Yes I think it's correct that the checkpoint uses the Table's FileIO, otherwise I don't see what other options we have and what other FileIO it would use. It sounds like it's possibly a permission issue on the Lakekeeper side?

nastra avatar Dec 09 '25 10:12 nastra

Lakekeeper does not give credentials to this user specified location outside of the table scope, but neither does any other Catalog implementation that I am aware of. I guess the question is should handing out credentials to a specific query engines checkpoint location be the responsibility of the server - I don't think it should.

Testing with a spark python session I also don't have this problem. Instead I get the error:

org.apache.hadoop.fs.UnsupportedFileSystemException: No FileSystem for scheme "s3"

If I configure s3a via hadoop in the spark session globally, it works - here is a small example: https://github.com/lakekeeper/lakekeeper/pull/1537

@nastra any idea why scala uses the tables FileIO while with python doesn't? @koombal can you provide any more information about your environment?

c-thiel avatar Dec 09 '25 17:12 c-thiel

@c-thiel @nastra we are running

  1. spark 3.5_2.12 (java).
  2. Lakekeeper catalog
  3. K8S
  4. configuring hadoop with s3a and creating the checkpoints successfully using hadoop
  5. Iceberg 1.8.1 --> now migrating to 1.10

koombal avatar Dec 09 '25 20:12 koombal

@koombal can you please share your entire catalog configuration and also what does ckptDir point to in .option("checkpointLocation", ckptDir)?

@nastra any idea why scala uses the tables FileIO while with python doesn't?

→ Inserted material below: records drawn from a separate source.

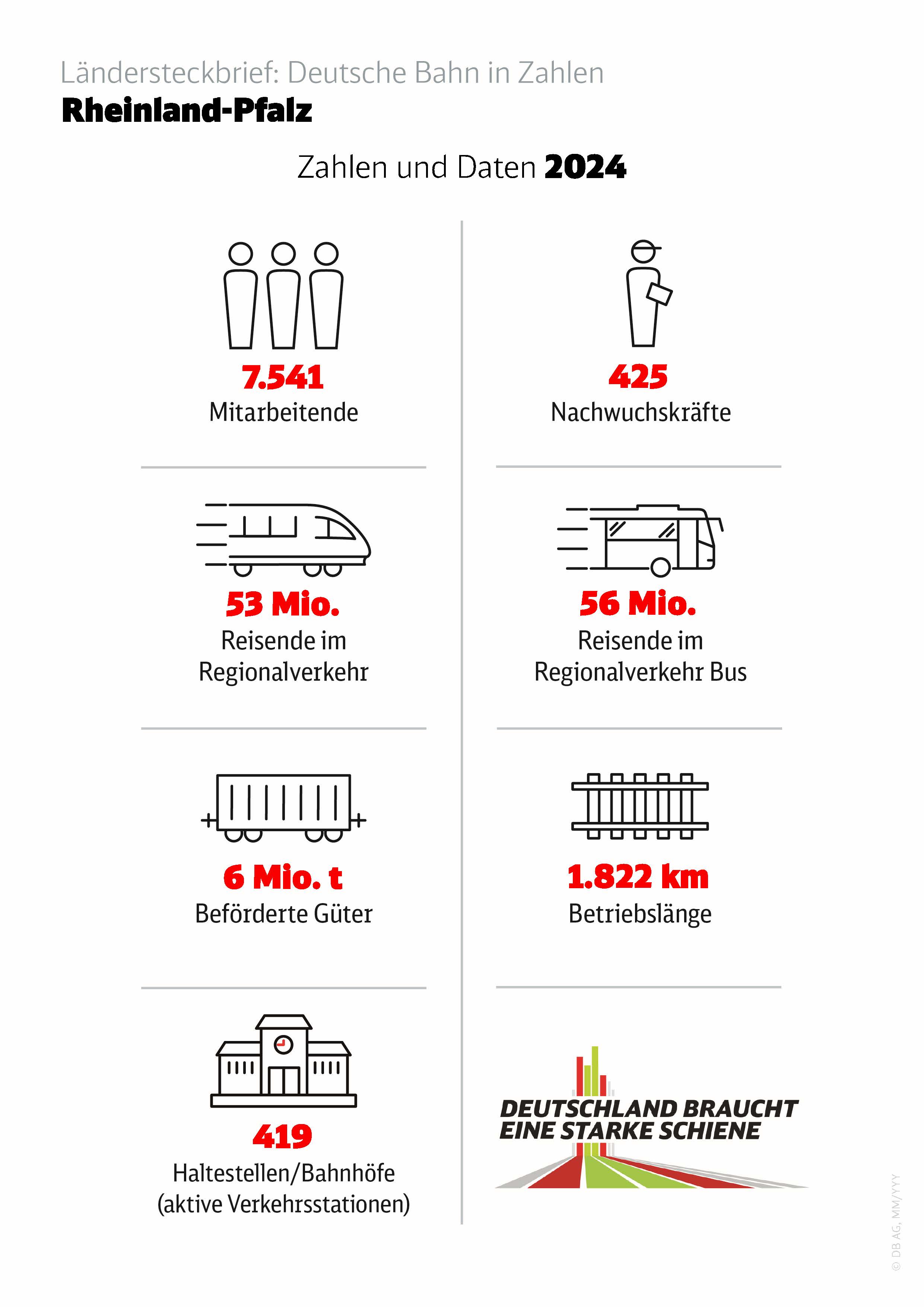 Die Deutsche Bahn beschäftigt in Rheinland-Pfalz über 7.500 Mitarbeitende. Der Konzern ist damit einer der größten Arbeitgeber im Land und sichert hier durch Aufträge und Effekte aus Einkommen allein bei den regionalen Unternehmen der Dienstleistungs- und Zulieferindustrie tausende weitere Arbeitsplätze.
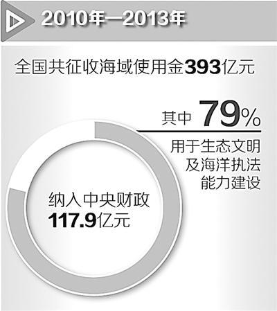 本报北京1月13日电 (记者余建斌)记者从国家海洋局获悉:2010年—2013年全国共征收海域使用金393亿元,纳入中央财政117.9亿元,共返还92.9亿元,用于海域海岸带整治修复项目、海岛整治修复项目、海洋环境保护与生态修复,以及海洋执法能力建设等,约占中央海域使用金征收总额的79%。
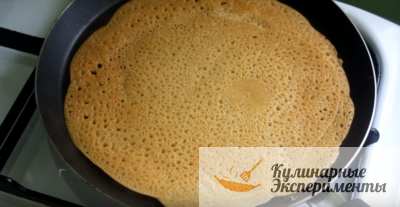 Раскалите сковороду, смазанную маслом. Распределите по дну тонкий слой теста и обжаривайте на среднем огне до золотистого цвета с обеих сторон.
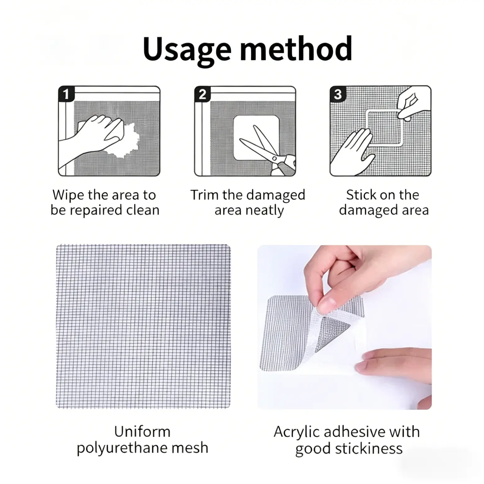 4PCS Window Screen Repair Tape, Self-Adhesive Fiberglass Mesh Patch for Screen Door, Window Netting Hole Fix

I don't know, I've been only testing this through our TestStructuredStreamingRead tests and all of those use a temp location for checkpoints. I applied this diff for testing to modify the FileIO to be used

+import org.apache.iceberg.inmemory.InMemoryFileIO;
 import org.apache.iceberg.relocated.com.google.common.collect.ImmutableMap;
 import org.junit.jupiter.api.extension.ExtendWith;

@@ -52,6 +53,7 @@ public abstract class CatalogTestBase extends TestBaseWithCatalog {
         ImmutableMap.builder()
             .putAll(SparkCatalogConfig.REST.properties())
             .put(CatalogProperties.URI, restCatalog.properties().get(CatalogProperties.URI))
+            .put(CatalogProperties.FILE_IO_IMPL, InMemoryFileIO.class.getName())
             .build()
       }
     };

and the checkpoint is definitely using the table's FileIO because the tests would then fail with

No in-memory file found for location: file:/var/folders/q3/m55sggg13cz2dpssg7l_q9300000gp/T/junit-395966452732806867/writer-checkpoint-folder/writer-checkpoint/sources/0/offsets/0
org.apache.iceberg.exceptions.NotFoundException: No in-memory file found for location: file:/var/folders/q3/m55sggg13cz2dpssg7l_q9300000gp/T/junit-395966452732806867/writer-checkpoint-folder/writer-checkpoint/sources/0/offsets/0
	at app//org.apache.iceberg.inmemory.InMemoryFileIO.newInputFile(InMemoryFileIO.java:48)
	at app//org.apache.iceberg.spark.source.SparkMicroBatchStream$InitialOffsetStore.initialOffset(SparkMicroBatchStream.java:558)
	at app//org.apache.iceberg.spark.source.SparkMicroBatchStream.<init>(SparkMicroBatchStream.java:116)
	at app//org.apache.iceberg.spark.source.SparkScan.toMicroBatchStream(SparkScan.java:170)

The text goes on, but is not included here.